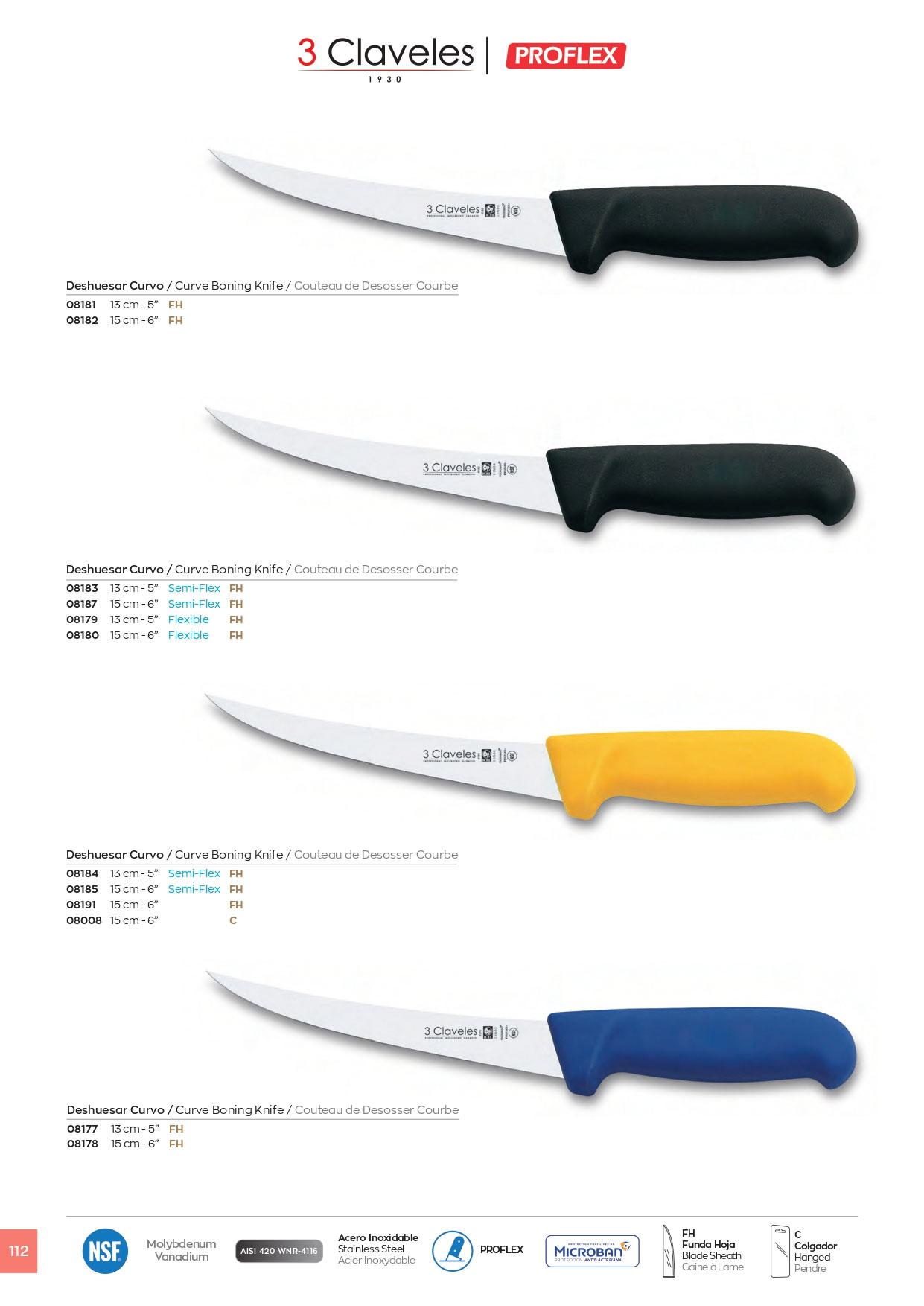 Couteaux professionnels. Désosser Boucher. Lame en acier inoxydable. Polypropylène poignée.
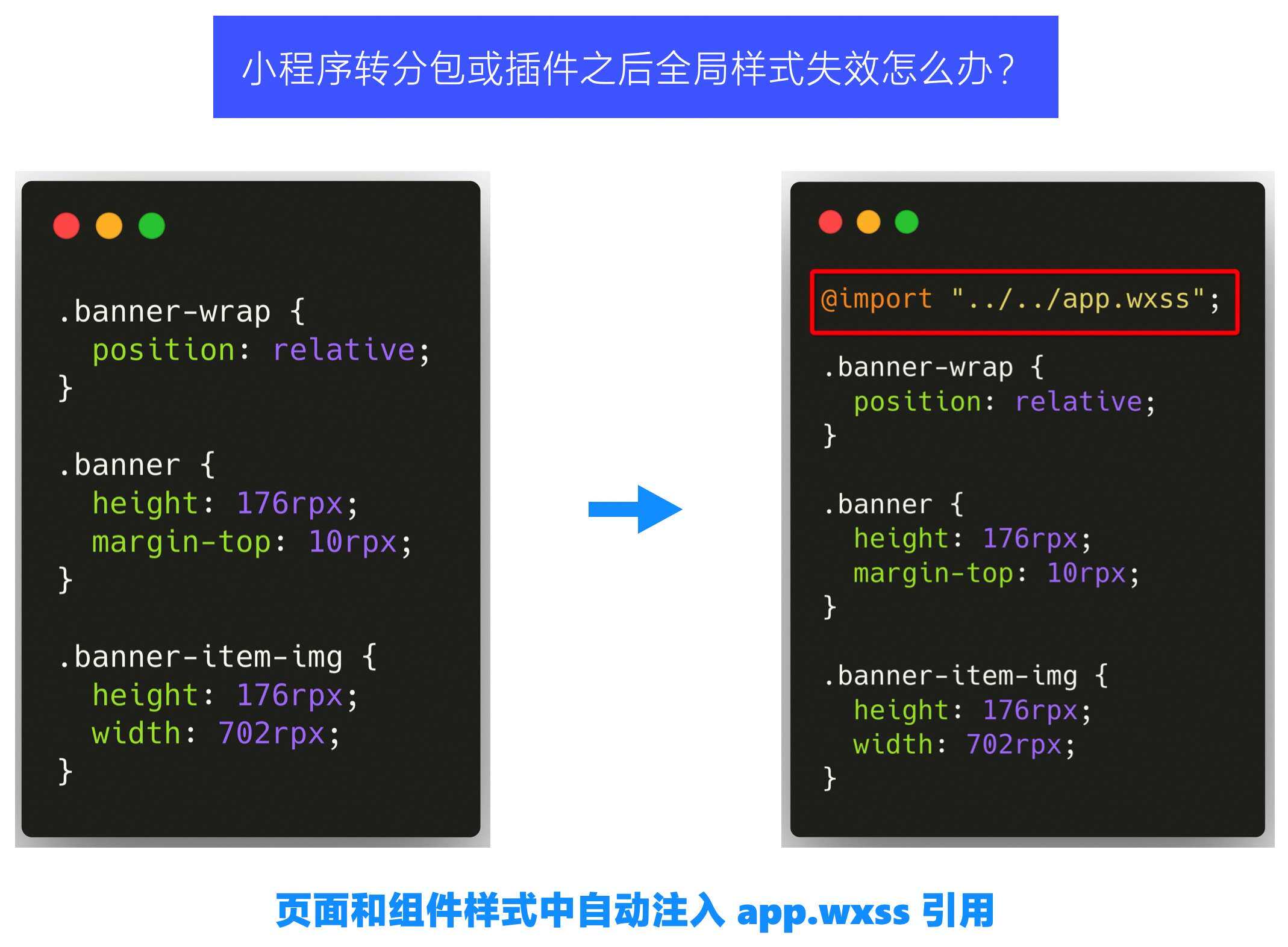 小程序编译时通过自动将全局样式文件(app.acss 或 app.wxss 等)注入到每个页面和组件的样式文件中作为引用来实现对全局样式的兼容,具体可参见下图示例:
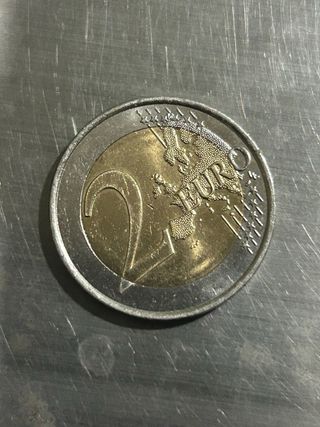 Moneda de 2 euros conmemorativa de Grecia. Moneda del 2002 con un fallo que hace que se eleve el precio, perfecta para coleccionistas. Presenta un diseño detallado. - Canto con inscripción. - Diseño de la cara nacional de Grecia.
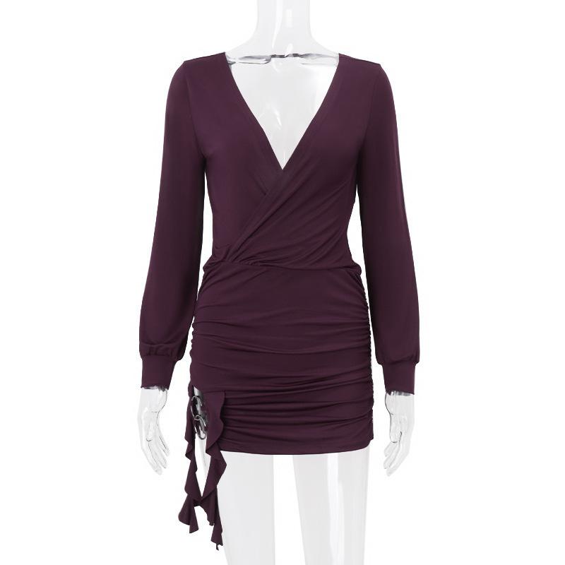 Spring Sexy Deep V-neck Solid Color Long Sleeved Hip Hugging Dress for Women
----------------
**TASK TO CARRY OUT**
Would you set down each line of the data exactly, with no images included?

**WRITTEN SOLUTION**
 Couteaux professionnels. Désosser Boucher. Lame en acier inoxydable. Polypropylène poignée.
 小程序编译时通过自动将全局样式文件(app.acss 或 app.wxss 等)注入到每个页面和组件的样式文件中作为引用来实现对全局样式的兼容,具体可参见下图示例:
 Moneda de 2 euros conmemorativa de Grecia. Moneda del 2002 con un fallo que hace que se eleve el precio, perfecta para coleccionistas. Presenta un diseño detallado. - Canto con inscripción. - Diseño de la cara nacional de Grecia.
 Spring Sexy Deep V-neck Solid Color Long Sleeved Hip Hugging Dress for Women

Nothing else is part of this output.